¿Qué regalarle a tu migrante en su visita navideña?

Tu amigo o familiar migrante vuelve a casa por Navidad....

Cierto es que algunas veces te entran tentaciones de hacerle un regalo para vengar ese queso marrón que sabía a plastilina que trajo porque es típico de allí. O esos regalices salados con amoniaco que les gustarán mucho a los de allí, pero a ti, sólo por probar medio, te dejó el estómago que ni que te hubieras comido un cenicero con sus colillas y todo.

Pero en el fondo les quieres, les perdonas esas exoticidades, porque total, se han hecho ya de allí, son un poco extranjeros. Y quieres hacerles un regalo que les guste de verdad.

La estrella de la muerte, por ejemplo. Un paquetito de nada que se lleva con toda facilidad en la maleta de cabina. Una cosa os digo: dejaron de celebrar el campeonato galáctico de tetris porque siempre ganaban migrantes con niños que vuelven a casa por Navidad: por esos juguetes de cajas imposibles (y en cantidades imposibles: que tacita a tacita, la maleta va reventando cremallera que es un gusto). No es que uno no agradezca el gesto, el migrante no protesta ni hace muecas (aunque internamente esté sudando la gota gorda) porque sabe que lo haces de corazón, porque le encanta lo que le has regalado y porque sabe que no te puedes hacer una idea de lo que es hacer la maleta cuando vuelves de Navidad.
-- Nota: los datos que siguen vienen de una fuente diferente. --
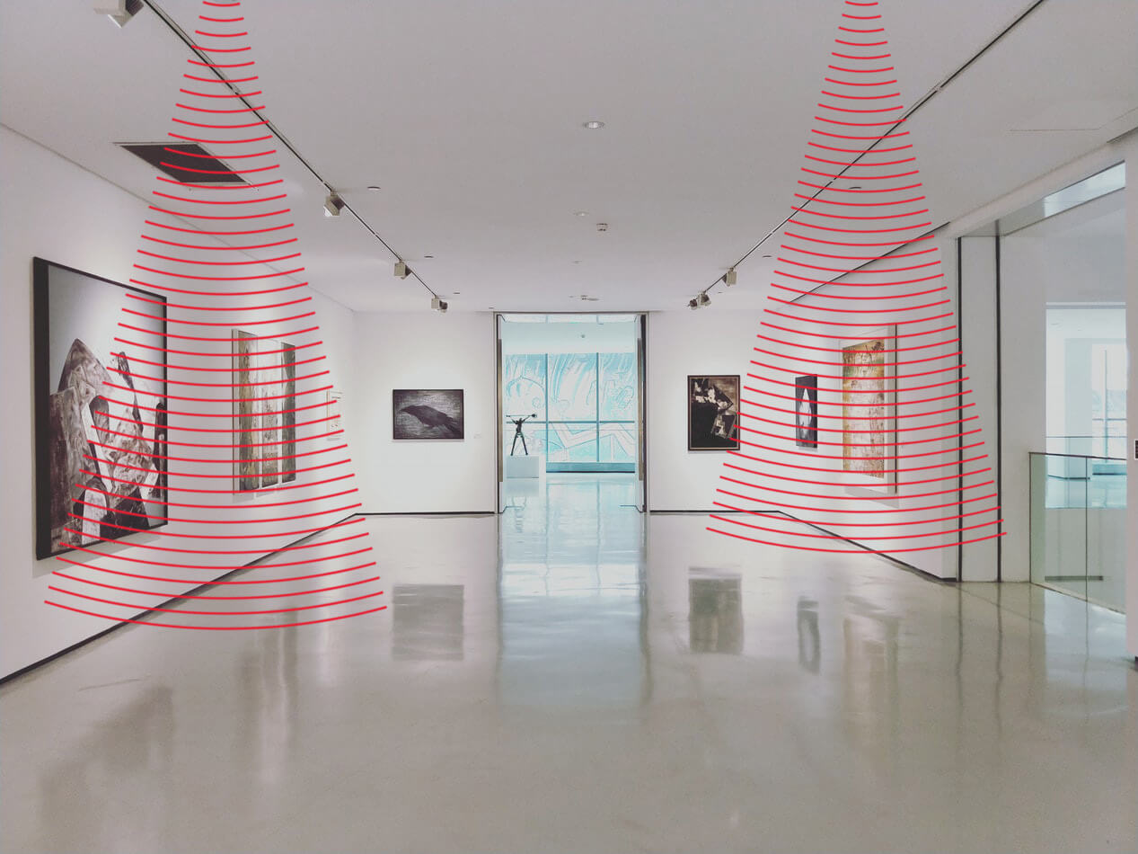 比如,在展览展示等场所的不同展示展览区域安装使用多台定向扬声器,形成一个一个独立的音频区域,可以解决不同展示区域语音讲解内容互相干扰的问题。

Cuando empecé a pensar en este post llegué a la conclusión de que lo mejor que puedes regalarle es jamón, pero del güeno de verdad. No ocupa (criterio número uno), y a todo el mundo le gusta.

Pero no. No a todo el mundo le gusta: y lo que es más: igual su religión no se lo permite, o es vegetariano. O está a dieta. O vive en Australia, donde intentar entrar alimentos es un delito tal que pueden deportarte a tu país (hay un programa del aeropuerto de Sydney o algo así, donde salen pobres viejecillas chinas intentando pasar galletas en la maleta, y cuando les pilla la policía, tiemblan como si estuvieran intentando pasar drojas duras)...

Hmmm, pues entonces, ¿qué regalarle al migrante?... a algunos le gustan los libros, a otros les pesan en la maleta (cierto: el papel pesa mucho; además, si se te juntan muchos regalos-libro, maleta obesa fijo); a unos les regalan prendas que no se pueden poner porque en su segundo hogar hace demasiado frío, a otros les regalan prendas para irse al Polo Norte (y tampoco es para tanto); a otros les gusta que les regalen experiencias (que puedan usar antes de volverse); otros no quieren que les regalen nada-la presencia, estoy segura.

Así que regalar al migrante no es muy diferente de regalar a cualquiera: hay que conocer los gustos del regalado... salvo por una gran diferencia: se tiene que llevar tu regalo en la maleta junto con otros tantos : que si la estrella de la muerte por aquí, que si unas lámparas por allá...

Así que si el jamón o algo igualmente inofensivo a la par que ligero no es una opción, estírate y mándaselo por correo. Te lo agradecerá.